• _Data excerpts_

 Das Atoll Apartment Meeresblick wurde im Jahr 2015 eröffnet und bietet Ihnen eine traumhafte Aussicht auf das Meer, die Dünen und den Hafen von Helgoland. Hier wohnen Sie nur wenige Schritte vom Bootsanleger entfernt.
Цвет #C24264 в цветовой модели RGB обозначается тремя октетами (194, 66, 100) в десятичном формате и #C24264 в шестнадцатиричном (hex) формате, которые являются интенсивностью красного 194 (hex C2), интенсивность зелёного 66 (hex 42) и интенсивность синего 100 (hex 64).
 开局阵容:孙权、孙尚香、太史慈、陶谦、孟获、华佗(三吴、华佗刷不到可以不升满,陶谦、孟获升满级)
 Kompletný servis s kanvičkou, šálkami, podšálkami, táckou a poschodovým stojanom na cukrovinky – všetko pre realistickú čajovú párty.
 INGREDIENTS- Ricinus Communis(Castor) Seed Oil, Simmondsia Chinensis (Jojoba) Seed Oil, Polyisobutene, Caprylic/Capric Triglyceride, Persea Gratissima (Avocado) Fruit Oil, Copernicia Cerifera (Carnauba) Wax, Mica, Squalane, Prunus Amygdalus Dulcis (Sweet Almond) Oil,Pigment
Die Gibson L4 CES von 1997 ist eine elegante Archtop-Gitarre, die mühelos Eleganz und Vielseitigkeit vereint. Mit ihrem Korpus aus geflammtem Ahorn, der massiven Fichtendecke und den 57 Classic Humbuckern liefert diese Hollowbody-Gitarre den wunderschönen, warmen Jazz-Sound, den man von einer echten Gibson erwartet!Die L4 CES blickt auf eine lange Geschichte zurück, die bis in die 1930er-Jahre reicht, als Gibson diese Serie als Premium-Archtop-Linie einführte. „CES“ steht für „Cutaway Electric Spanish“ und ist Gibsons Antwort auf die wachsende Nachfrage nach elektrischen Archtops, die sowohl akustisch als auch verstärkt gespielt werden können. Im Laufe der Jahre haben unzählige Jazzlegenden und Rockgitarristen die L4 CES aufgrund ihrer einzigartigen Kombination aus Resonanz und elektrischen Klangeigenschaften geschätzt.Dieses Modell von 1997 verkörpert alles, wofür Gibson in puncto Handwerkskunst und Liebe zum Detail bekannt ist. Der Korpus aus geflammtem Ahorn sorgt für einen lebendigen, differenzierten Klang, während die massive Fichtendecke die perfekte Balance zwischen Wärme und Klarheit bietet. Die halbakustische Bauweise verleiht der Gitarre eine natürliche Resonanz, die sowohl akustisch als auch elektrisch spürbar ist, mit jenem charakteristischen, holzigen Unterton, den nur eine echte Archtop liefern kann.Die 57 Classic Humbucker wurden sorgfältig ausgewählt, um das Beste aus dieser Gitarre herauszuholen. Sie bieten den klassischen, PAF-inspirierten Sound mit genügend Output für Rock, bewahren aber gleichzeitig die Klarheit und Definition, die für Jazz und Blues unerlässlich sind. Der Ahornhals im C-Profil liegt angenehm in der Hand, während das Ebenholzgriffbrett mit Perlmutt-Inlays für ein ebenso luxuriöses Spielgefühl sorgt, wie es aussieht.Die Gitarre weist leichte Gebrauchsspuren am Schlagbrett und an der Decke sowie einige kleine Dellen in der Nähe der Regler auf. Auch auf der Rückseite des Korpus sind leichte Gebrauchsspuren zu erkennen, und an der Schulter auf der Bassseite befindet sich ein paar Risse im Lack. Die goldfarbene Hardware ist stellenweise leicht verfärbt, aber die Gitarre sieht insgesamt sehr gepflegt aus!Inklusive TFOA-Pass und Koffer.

• _WHAT TO WORK ON_
Looking at the records above, return exactly the lines from the line with "Kompletný servis s" to the line with "INGREDIENTS- Ricinus Communis(Castor)", both ends included.

• _SOLUTION TO THIS TASK_
 Kompletný servis s kanvičkou, šálkami, podšálkami, táckou a poschodovým stojanom na cukrovinky – všetko pre realistickú čajovú párty.
 INGREDIENTS- Ricinus Communis(Castor) Seed Oil, Simmondsia Chinensis (Jojoba) Seed Oil, Polyisobutene, Caprylic/Capric Triglyceride, Persea Gratissima (Avocado) Fruit Oil, Copernicia Cerifera (Carnauba) Wax, Mica, Squalane, Prunus Amygdalus Dulcis (Sweet Almond) Oil,Pigment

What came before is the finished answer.